If you throw a frog into a boiling pot of water, it will jump right out and save its life. If you put a frog in a cool pot of water and turn the heat to high, it will stay to its death. We have the tendency to increase our tolerance to bad behavior, jusitifying it with the more time invested. As you said, yelling and leaving WAS controlling his anger-GREAT, but when he came back, he commented on slitting the dogs throat. Abusive me often direct it at punching a wall, breaking a table, etc-its an intimidation tactic-it lets you know that you will be next.

I hope that you hear me at face value and not critical. Im not good at sugar coating my thoughts. I wish you well.
 
The rollercoaster of emotions, dealing with extreme ups and downs, outragous threats or insinuations, are forms of intimidation that has the potential to leave an otherwise mentally healthy person broken. It can lead you to anxiety disorder, panic attack, substance abuse.
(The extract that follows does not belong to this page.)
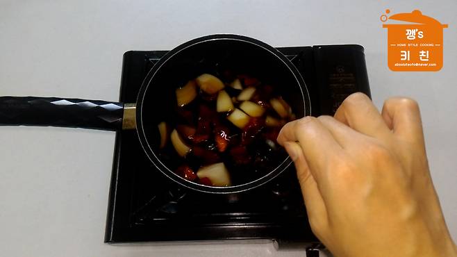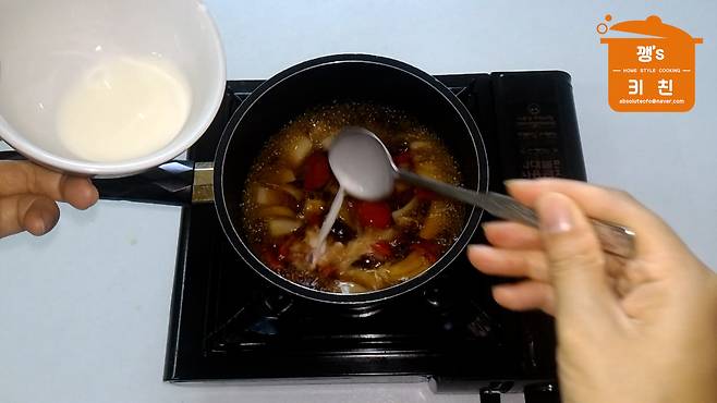 냄비에 물 1컵, 간장 4큰술, 식초 4큰술,

I know that we want to feel strong and support our men, but we do need to realize that we need not gamble more than we can afford to loose, and we can loose our own stability, security, sense of future. As an abused woman, I would prefer a beating over many of the things that have been said and that have instilled fear, loss of confidence and self esteem, feeling crazy at the words of another.
Yeah, that's pretty much what happened to me. But I wouldn't listen to anyone who told me it was a dangerous road either.
 
@Caterpillar, I know I wouldnt listen to wise words either. I always thought I could put my hand out and pull someone up, and only got pulled down-repeatedly. Now I think I am at a point of no return. Years ago, I had it all turned around and was strong as steel. I seperated from my husband, dated a sociopath, had an accident. Went slowly downhill and at my age now and health problems, I dont think there is anything to salvage or any return. Now just getting up in the morning is a success.
 
@brat17, I really thought I could save people too, that it was one of the few things I really had a talent for and that my efforts would earn me care and respect from the people around me. Needless to say, it didn't work out that way. Instead of building them up, I got systematically broken down and now often have the same thoughts as you--that I passed the point of no return and that my mental health is gone forever. I hate coming here and seeing other people making the same mistakes.